#### Data entries:
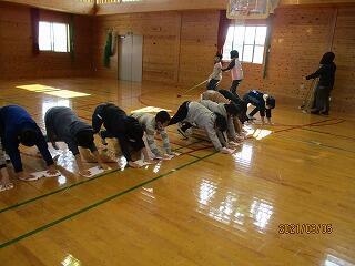 卒業式まであと13日。みんなで学校で過ごすのは、あと9日です。今日は、ピカピカの体育館で卒業式を挙げてもらおうと、休み時間を使って4・5年生が体育館の水拭きを、職員がワックスがけを行いました。子どもたちはおおはりきりで、なんと、みんなで並んでぞうきんがけを始めました。「1、2、1、2、!」子どもはなんでも楽しんでしまう天才です。あっという間に、ピカピカの体育館になりました。着々と、卒業式に向けて準備が整っていきます。嬉しいような、淋しいような・・・
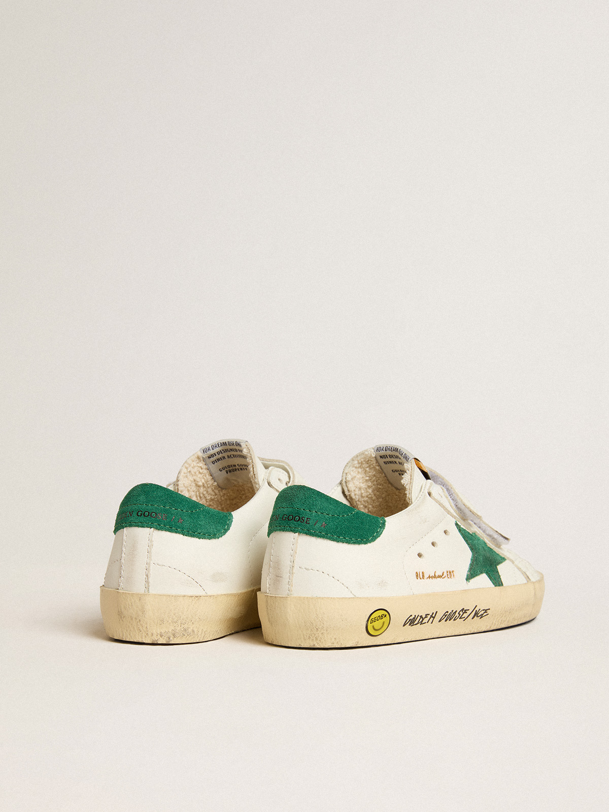 Create AccountOur Old School sneakers feature two Velcro straps on the front with contrasting logo. The Young version of this model in white leather features a green suede star and heel tab. The smiley detail and contrasting lettering on the foxing add the finishing touch.
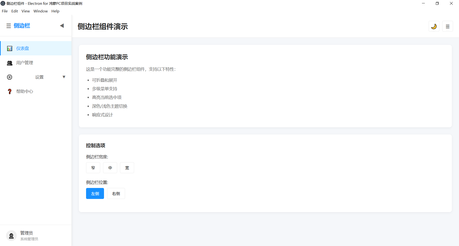 这是一个基于Electron开发的侧边栏组件示例项目,展示了如何在桌面应用中实现功能完善、样式美观的侧边栏导航。该组件支持折叠/展开、多级菜单、主题切换、响应式设计等丰富功能,适用于各类管理系统和桌面应用的界面开发。
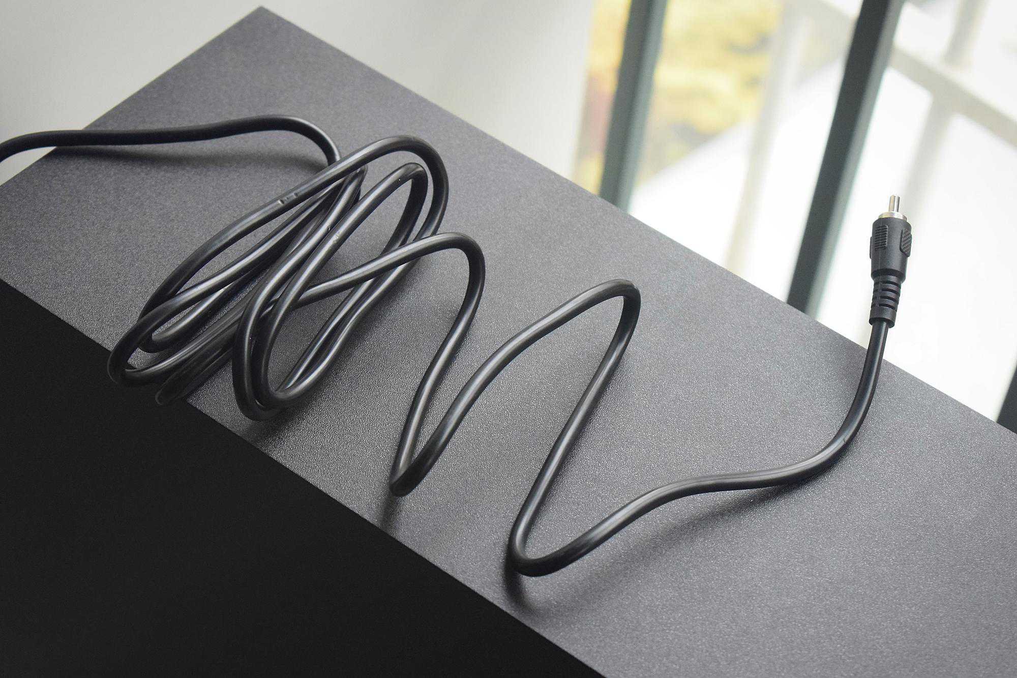 低音炮的线缆为一体非拆卸,目测长约近两米,足以满足复杂环境下的布局使用。
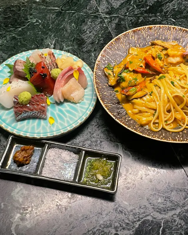 메뉴판을 펼치니, 사시미, 초밥, 파스타 등 다양한 메뉴들이 눈길을 사로잡았다. 특히 ‘고등어 봉초밥’은 이곳의 시그니처 메뉴라기에 망설임 없이 주문했다. 곁들일 술로는 하이볼을 선택했다. 잠시 후, 눈 앞에 펼쳐진 음식들은 그야말로 예술 작품이었다. 싱싱한 사시미는 윤기가 흐르고, 고등어 봉초밥은 김으로 곱게 감싸져 있었다. 하이볼은 황금빛 액체가 투명한 잔 속에서 영롱하게 빛나고 있었다.
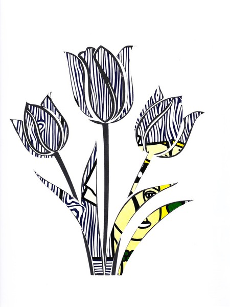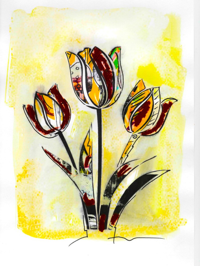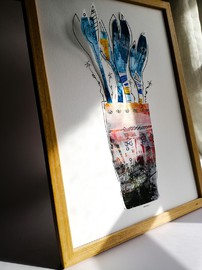 Die hier abgebildeten abstrakten Blumensträuße mit angedeuteter Vase sind kleine Kunstwerke in DIN A4. Mit Fineliner, Zeichenstift und Aquarellpinsel vorgezeichnet und mit floralen Bild- und Textmotiven aus ausgerissenen Zeitschriften als Materialcollage zu einem Original verarbeitet. Nach der Trocknungsphase findet eine erneute grafische und malerische Überabeitung statt, bevor final das Objekt der optischen Begierde gescannt und vorder- sowie rückseitig auf Boesner-Künstler-Zeichenpapier ausgedruckt wird.

#### The task:
Of the lines above, quote exactly those from the one with "Create AccountOur Old" through the one with "메뉴판을 펼치니, 사시미, 초밥, 파스타", ends included; pictures stay out.

#### Finished task:
 Create AccountOur Old School sneakers feature two Velcro straps on the front with contrasting logo. The Young version of this model in white leather features a green suede star and heel tab. The smiley detail and contrasting lettering on the foxing add the finishing touch.
 这是一个基于Electron开发的侧边栏组件示例项目,展示了如何在桌面应用中实现功能完善、样式美观的侧边栏导航。该组件支持折叠/展开、多级菜单、主题切换、响应式设计等丰富功能,适用于各类管理系统和桌面应用的界面开发。
 低音炮的线缆为一体非拆卸,目测长约近两米,足以满足复杂环境下的布局使用。
 메뉴판을 펼치니, 사시미, 초밥, 파스타 등 다양한 메뉴들이 눈길을 사로잡았다. 특히 ‘고등어 봉초밥’은 이곳의 시그니처 메뉴라기에 망설임 없이 주문했다. 곁들일 술로는 하이볼을 선택했다. 잠시 후, 눈 앞에 펼쳐진 음식들은 그야말로 예술 작품이었다. 싱싱한 사시미는 윤기가 흐르고, 고등어 봉초밥은 김으로 곱게 감싸져 있었다. 하이볼은 황금빛 액체가 투명한 잔 속에서 영롱하게 빛나고 있었다.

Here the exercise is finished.